GitHub bloque désormais automatiquement la fuite d’informations sensibles telles que les clés API et les jetons d’accès pour tous les référentiels de code publics.
L’annonce d’aujourd’hui intervient après que la société a introduit la protection push en version bêta il y a plus d’un an, en avril 2022.
Cette fonctionnalité empêche de manière proactive les fuites en analysant les secrets avant que les opérations ‘git push’ ne soient acceptées, et elle fonctionne avec 69 types de jetons (clés API, clés privées, clés secrètes, jetons d’authentification, jetons d’accès, certificats de gestion, informations d’identification, etc.) détectables avec un faible taux de détection de « faux positifs ».
« Si vous poussez un commit contenant un secret, une invite de protection push apparaîtra avec des informations sur le type de secret, l’emplacement et la manière de remédier à l’exposition », a déclaré GitHub aujourd’hui.
« La protection push ne bloque que les secrets avec de faibles taux de faux positifs, donc lorsqu’un commit est bloqué, vous savez que cela vaut la peine d’enquêter. »
Depuis sa version bêta, les développeurs de logiciels qui l’ont activé ont réussi à éviter environ 17 000 expositions accidentelles d’informations sensibles, économisant plus de 95 000 heures qui auraient été consacrées à révoquer, faire pivoter et corriger des secrets compromis, selon GitHub.

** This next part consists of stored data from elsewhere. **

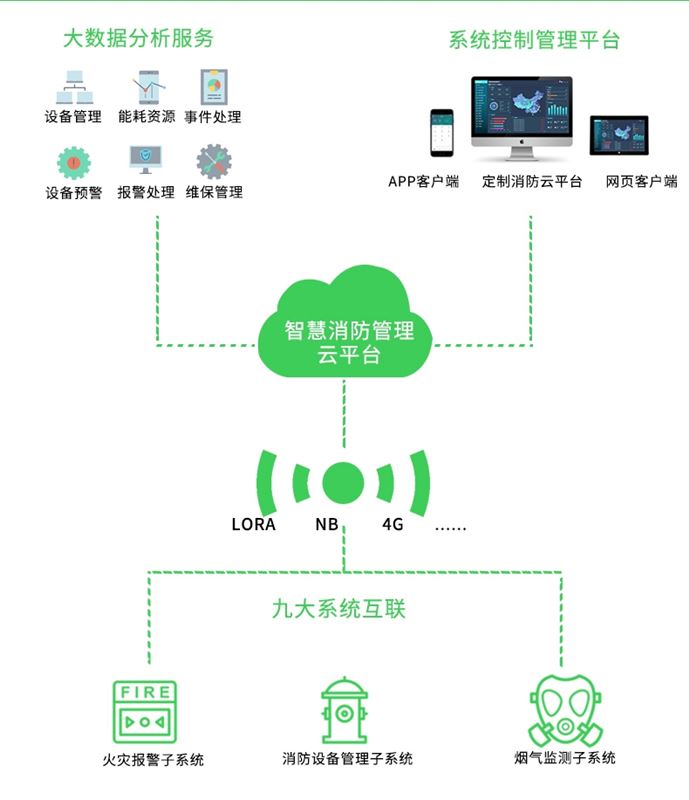 适用于智能楼宇、高层公寓、宾馆、饭店、商厦、工矿企业、国家重点消防单位以及石油化工、文教卫生、金融、电信等领域。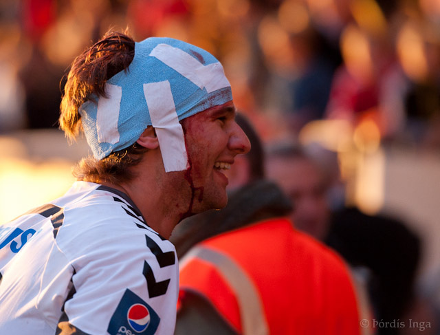 ,,Þetta lítur verr út en þetta er. Ég er með smá höfuðverk í dag en ekkert meira en eftir aðra leiki. Þetta lítur illa út í sjónvarpinu, auðvitað var mikið blóð og það voru saumuð fjögur spor eftir leikinn en þetta hefði getað verið verra."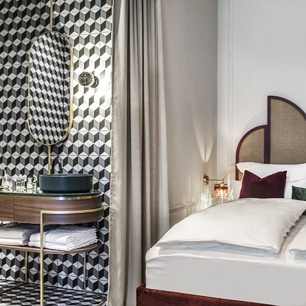 Only in Vienna do you find yourself wishing for more than just an ornate 19th-century façade. Such is the premise of the Hotel Josefine, whose elegant Gründerzeit-style exterior conceals rooms that are, if anything, even more sumptuous. Brass accents, rich velvet, and surreal tilework recall Weimar-era glamour, and every detail — real keys for your room, quaint rotary phones, a clawfoot tub, a complimentary bottle of wine — speaks of self-assured, timeless good taste. Downstairs, an honesty bar with a substantial vinyl collection and a Rat Pack–inspired cocktail bar ensure that you needn’t go far to get your Josephine Baker on.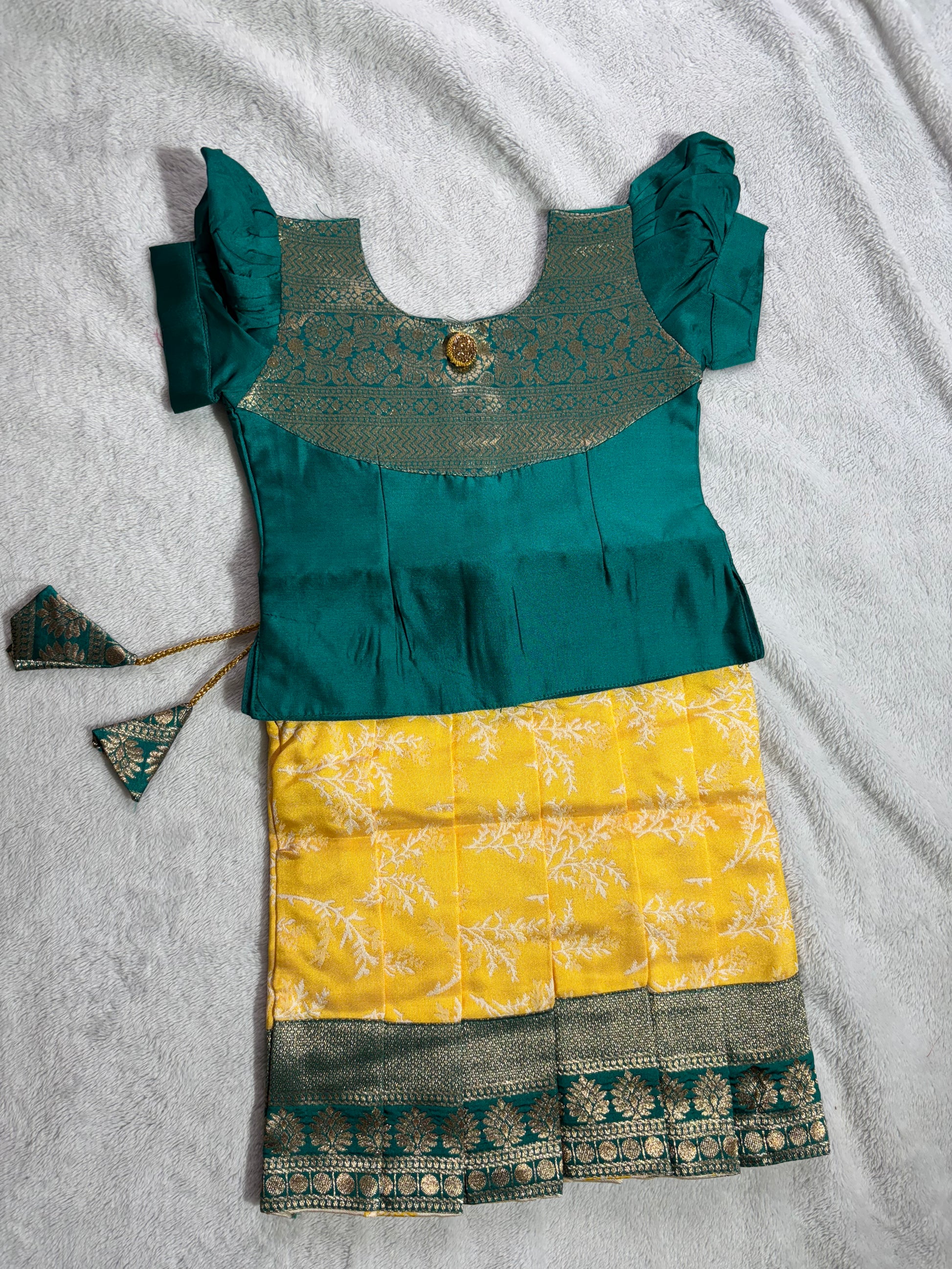 Dark green blouse with mustard yellow lehenga pattu pavadai

Alors qu’avant aujourd’hui, cette fonctionnalité ne pouvait être activée que pour les référentiels privés par des organisations disposant d’une licence GitHub Advanced Security, GitHub l’a désormais également rendue généralement disponible sur tous les référentiels publics.
« Aujourd’hui, la protection push est généralement disponible pour les référentiels privés avec une licence GitHub Advanced Security (GHAS) », a déclaré la société.

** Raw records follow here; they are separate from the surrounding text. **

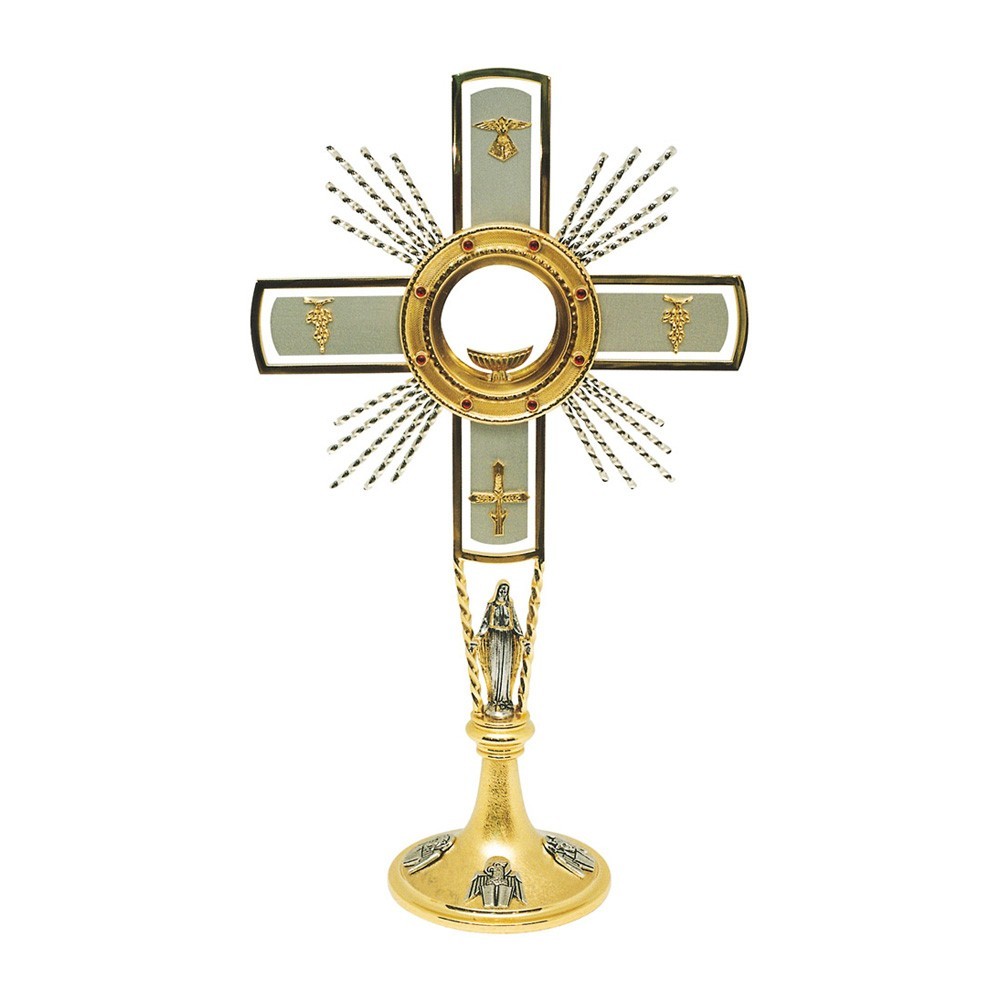 Ostensorio in ottone bicolore con finitura argento e oro.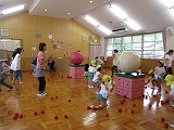 ホールで体操をし、玉入れの玉を体に乗せてバランスを取ってみたり、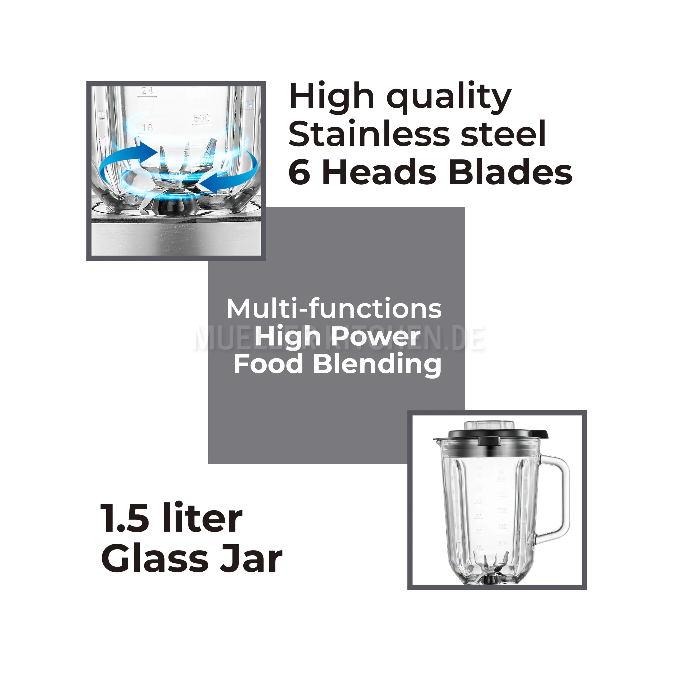 Equipped with a powerful 1000W motor, this blender effortlessly addresses a variety of tasks. From ice crushing to smoothie blending and soup puree, it delivers exceptional performance with speed and accuracy. The 1.5L glass jug is ideal for creating large quantities of your favorite drinks and dishes, making it perfect for families.

« De plus, pour aider les développeurs et les mainteneurs à travers l’open source à sécuriser leur code de manière proactive, GitHub rend la protection push gratuite pour tous les référentiels publics. »
Comment activer la protection push de l’analyse secrète
Les organisations disposant de GitHub Advanced Security peuvent activer la fonction de protection push par analyse secrète au niveau du référentiel et de l’organisation via l’API ou en un seul clic depuis l’interface utilisateur.
La procédure détaillée d’activation de la protection push pour votre organisation nécessite que vous :
- Sur GitHub.com, accédez à la page principale de l’organisation.
- Sous le nom de votre organisation, cliquez sur Paramètres.
- Dans la section « Sécurité » de la barre latérale, cliquez sur Sécurité et analyse du code.
- Sous « Configurer la sécurité et l’analyse du code », recherchez « GitHub Advanced Security ».
- Sous « Analyse secrète », cliquez sur Tout activer à côté de « Protection push ».
- Si vous le souhaitez, cliquez sur « Activer automatiquement pour les référentiels privés ajoutés à l’analyse secrète ».
Il peut également être activé pour des référentiels uniques en le basculant depuis la boîte de dialogue Paramètres > Sécurité et analyse > GitHub Advanced Security de chaque référentiel.
Plus de détails sur l’utilisation de la protection push à partir de la ligne de commande ou sur l’autorisation de pousser certains secrets sont disponibles sur le site de documentation de GitHub.
Les informations d’identification et les secrets exposés ont conduit à des violations à fort impact ces dernières années, comme l’a déjà signalé Breachtrace [1, 2, 3].
Par conséquent, activer la protection push pour les dépôts privés ou gratuitement sur les dépôts publics pour s’assurer que les poussées de code sont automatiquement bloquées si elles contiennent des secrets est un moyen simple de se défendre contre les fuites accidentelles avec des impacts potentiellement massifs.